Рама зияла пустотой; вместо стекла — рваный темнеющий прямоугольник. Вся стена вокруг была утыкана осколками: длинные клинья, широкие треугольники, мельчайшая крошка. Некоторые впились в штукатурку почти полностью, оставив снаружи только блестящие кромки; другие торчали наполовину, и на нескольких тонкими дорожками стекала пыль, смешанная с чем-то тёмным.

На полу лежала мелкая стеклянная крошка, местами собравшаяся в тонкую, мерцающую корку — наступи, и она врежется в ступни сотней иголок.

Лина лежала у трюмо.

Не сидела — лежала странно вывернуто: одна рука подогнута под тело, плечо чуть приподнято, шея выгнута под неправильным углом. Волосы растеклись по полу тёмным пятном, несколько осколков стекла запутались в прядях, как прозрачные насекомые. Глаза были открыты, но не смотрели ни на неё, ни на потолок — взгляд застыл где-то в стороне, в щели между досками, и в этом пустом, мёртвом направлении было что-то особенно мерзкое.

Рот приоткрыт, губы чуть посинели. Казалось, ещё немного — и из угла вытечет тонкая тёмная ниточка, но кровь не шла: дом забрал всё до последней капли, не желая портить пол.

У стены, чуть в стороне от неё, стоял Адам.

Спиной к двери, лицом к разорванной раме. На его пальто ещё виднелись тонкие, ровные порезы от стекла; ни следов ранок на коже. В стене позади него торчали осколки — на уровне виска, горла, груди — по идеальным дугам, как замершие в воздухе траектории.
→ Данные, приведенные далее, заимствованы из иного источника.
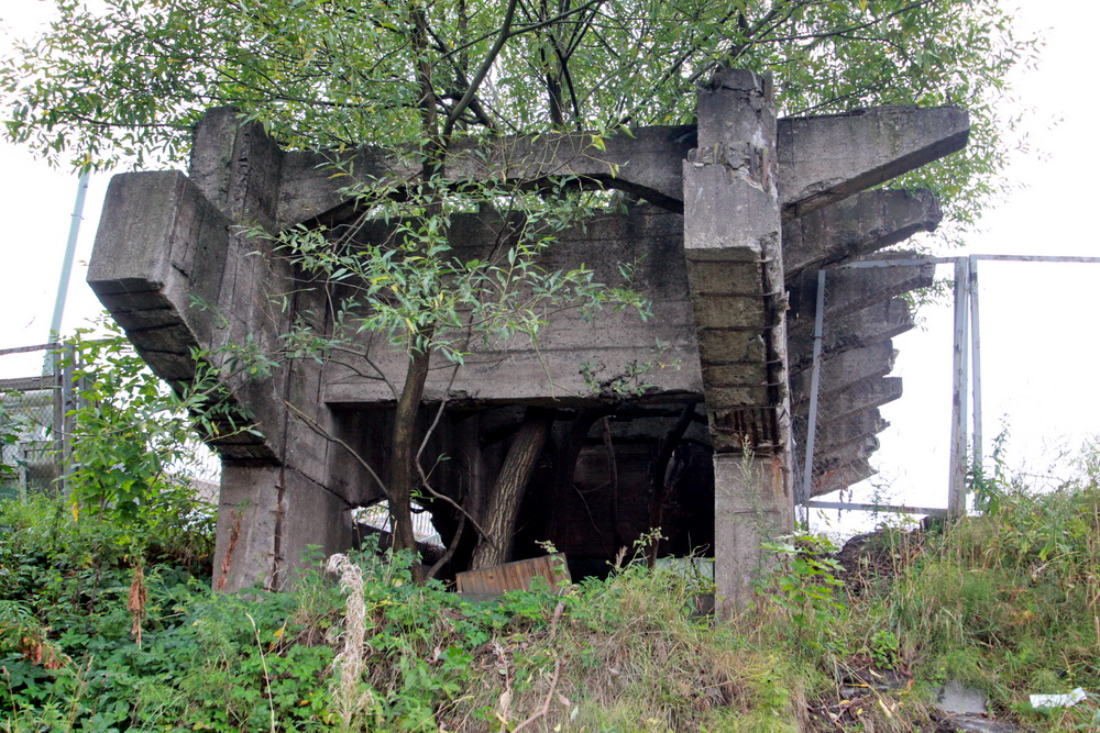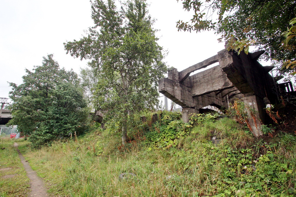 Чуть западнее Кушелевского путепровода сохраняются железобетонные опоры. Это остатки непостроенного путепровода.

Марго сделала шаг внутрь. Доска под ногой скрипнула, и звук раскатился по комнате круговой волной.

Он повернулся.

Они посмотрели друг на друга. На этот раз без масок, без ролей «гость» и «организатор вечера». Дом напрягся вокруг, словно подкинул под их ноги ещё один невидимый этаж.
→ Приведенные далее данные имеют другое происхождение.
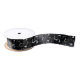 Satin ribbon is shown in black with a festive holiday Halloween bats print design.
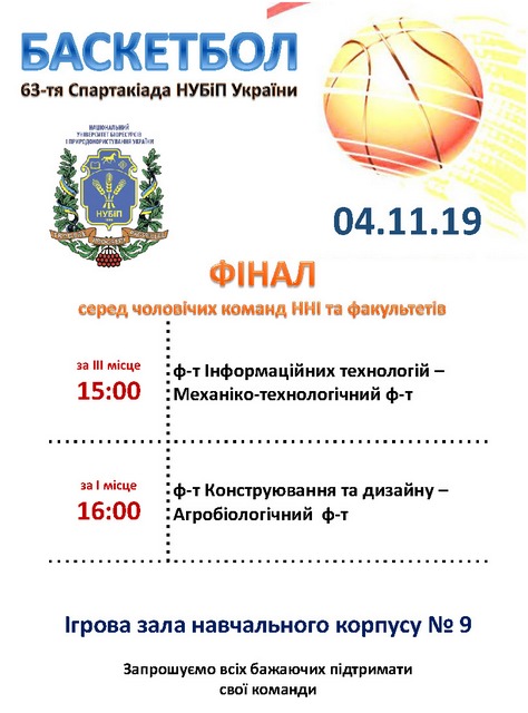 Запрошуємо 04 листопада 2019 року на фінальні ігри з баскетболу серед чоловічих команд ННІ та факультетів в рамках 63-ї спартакіади студентів НУБіП України!!!
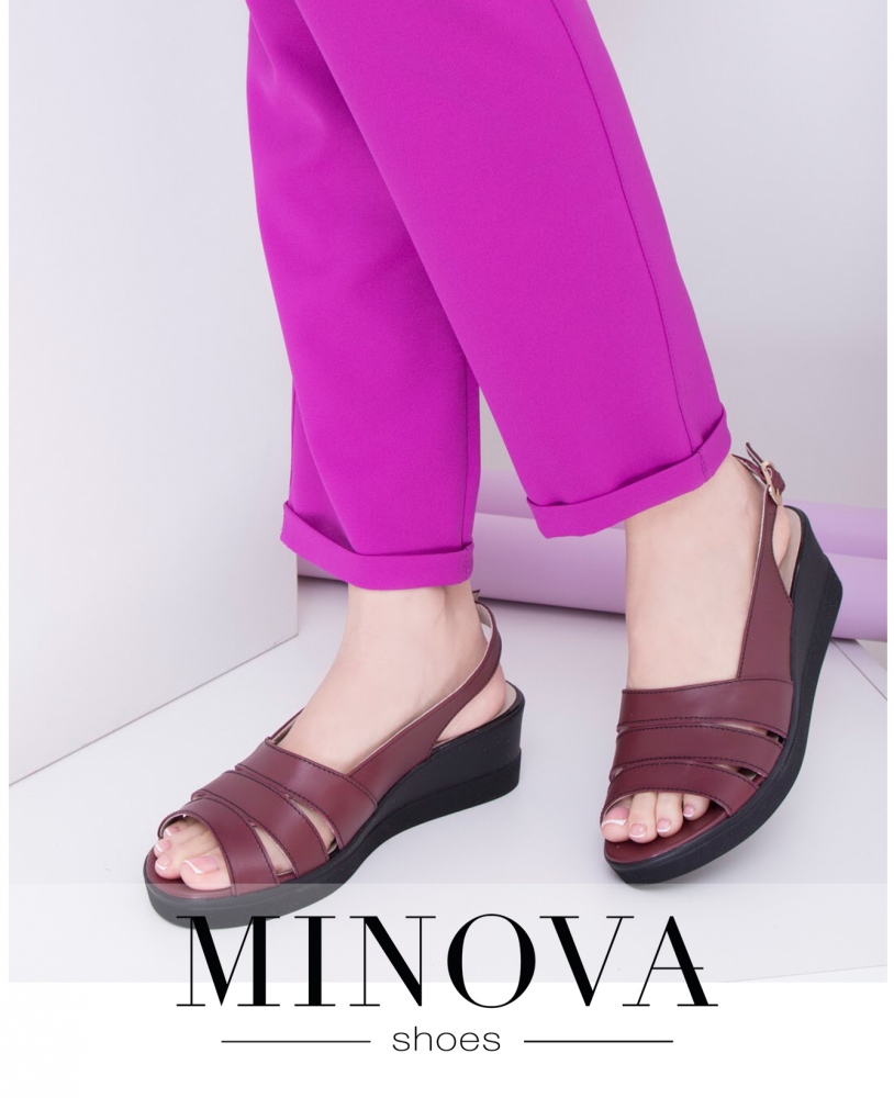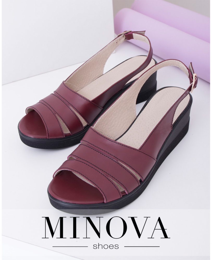 Кожаные босоножки на танкетке с открытой пяточкой. Босоножки состоят из трех сшитых полос застегиваются на перепонку с пряжкой под щиколоткой. Внутри кожаная стелька.

Внутри Марго что-то щёлкнуло: дом увеличил подачу. Воздух вокруг неё стал плотнее, горячее, в ушах загудело, ладони вспотели. Каждая мышца одновременно слушалась и её, и чужую волю.

Сейчас, — требовал дом.

Она сделала ещё шаг.

— Мы можем договориться, — сказала Марго. И сама не была уверена, от кого эта фраза — от неё или от него.

— С кем? — спокойно спросил Адам. — Со мной или с ним?
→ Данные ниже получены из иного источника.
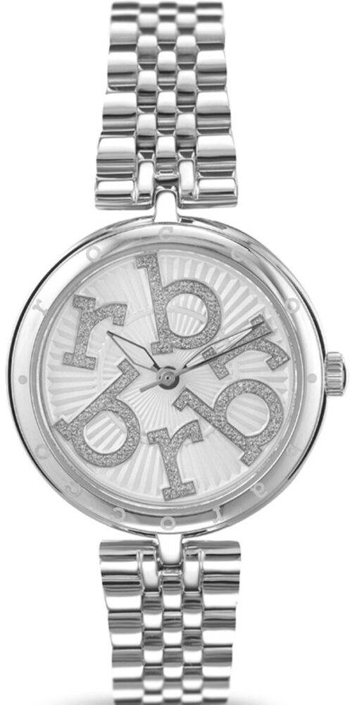 Modelo RBRBRB –  Relógio feminino com caixa redonda e logótipo RB incrustado com pedras, bracelete em aço inoxidável. Elegante em preto, dourado e prateado, perfeito para completar um look de noite ou adicionar um toque de luxo ao seu look do dia a dia.
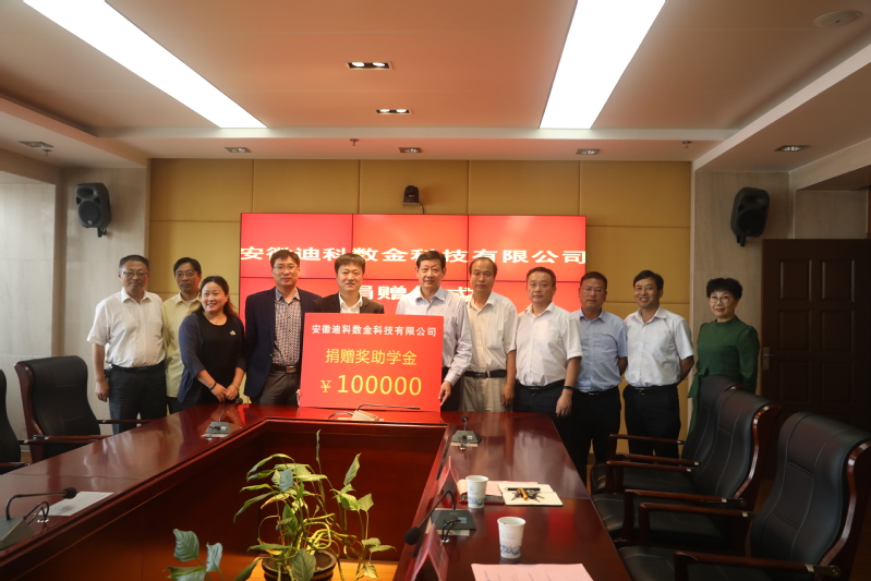 本网讯(实训中心通讯员 吴家奎)10月8日下午,安徽迪科数金科技有限公司奖助学金捐赠仪式在图文信息中心九楼会议室举行。校长孙敬华、迪科数金总经理吴福全、校企相关部门负责人共同参加了仪式。

Дом взвился в ней, как раненое животное. Давление усилилось, где-то в глубине дома рухнула перегородка; по потолку комнаты пробежала свежая трещина, на пол посыпалась пыль.

— Я… — она сглотнула вязкую слюну. — Я не хочу умирать.

Фраза, которую она никогда не произносила вслух, прозвучала неожиданно мелко на фоне этого дома.

— Ты давно выбрала цену, — сказал Адам. — Остальное — бухгалтерия.

Дом ударил.

Пространство вокруг неё сжалось. Пол под ногами чуть накренился, как палуба, стены двинулись навстречу, воздух превратился в плотный, тугой слой. На какой-то миг ей показалось, что к коже прикасаются тысячи невидимых рук — холодные, влажные, скользкие — и все они тянут её в разные стороны.

Снизу, изнутри, поднимаясь от стоп к коленям, развернулся знакомый цикл: тот самый механизм ужаса, который она сама столько лет включала в чужих.

Колени дрогнули. Пальцы сами сжались в кулаки, ногти впились в ладони так, что кожа под ними резко натянулась, но это ощущение было тонким, поверхностным, почти лишним на фоне того, что происходило глубже.

Там, под рёбрами, дом начал выкручивать её сущность, как мокрую тряпку. Не кровь — её в такой форме у них давно было мало. Не нервные окончания — они могли регенерировать. Он выкручивал саму способность держать себя целой.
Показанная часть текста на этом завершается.